Skip the pictures, and retype the data below in full, exactly.

→ **COLLECTED MATERIAL**
--- START ---

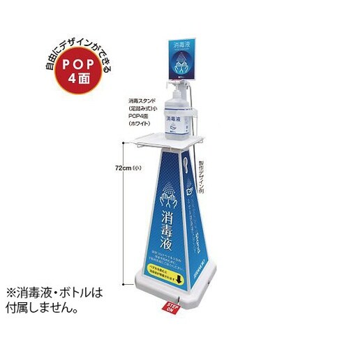 電源不要で施設や店舗の出入口に設置する消毒液専用スタンドです。出入口の必需品である手指消毒液に、より存在感を与えます。鮮やかなフルカラーデザインで、お客さまに好印象を与えます。 |
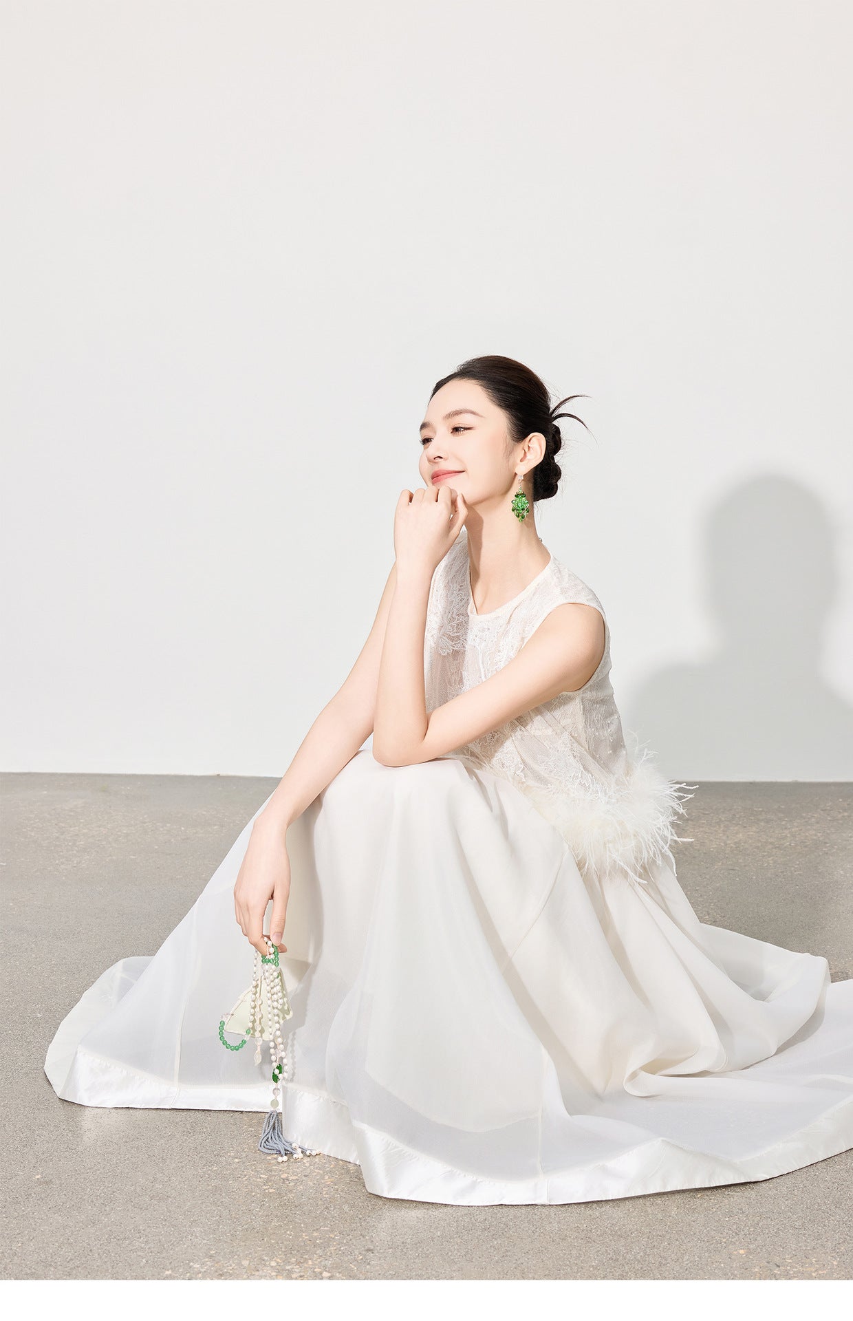 Double-Layer Mesh Patchwork Long Skirt with Elastic Waist
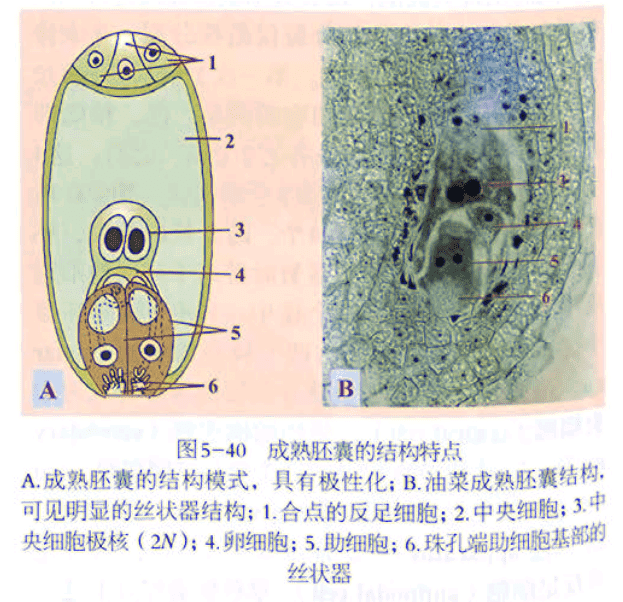• ps.有的植物极核在受精前常融合成中央细胞二倍体的次生核;珠孔端1个卵细胞(高度极化,珠孔端壁较厚,核偏向合点端)和2个分化的助细胞(明显极化,细胞壁也是珠孔端厚,珠孔端部分细胞壁内向延伸成指状突起,称为丝状器;细胞核偏向珠孔端)合称为卵器;近合点端3个核分化成反足细胞 —— 7细胞8核。(蓼型胚囊,被子植物中最常见。

--- END ---

→ **ANSWER BOX**
 電源不要で施設や店舗の出入口に設置する消毒液専用スタンドです。出入口の必需品である手指消毒液に、より存在感を与えます。鮮やかなフルカラーデザインで、お客さまに好印象を与えます。 |
 Double-Layer Mesh Patchwork Long Skirt with Elastic Waist
• ps.有的植物极核在受精前常融合成中央细胞二倍体的次生核;珠孔端1个卵细胞(高度极化,珠孔端壁较厚,核偏向合点端)和2个分化的助细胞(明显极化,细胞壁也是珠孔端厚,珠孔端部分细胞壁内向延伸成指状突起,称为丝状器;细胞核偏向珠孔端)合称为卵器;近合点端3个核分化成反足细胞 —— 7细胞8核。(蓼型胚囊,被子植物中最常见。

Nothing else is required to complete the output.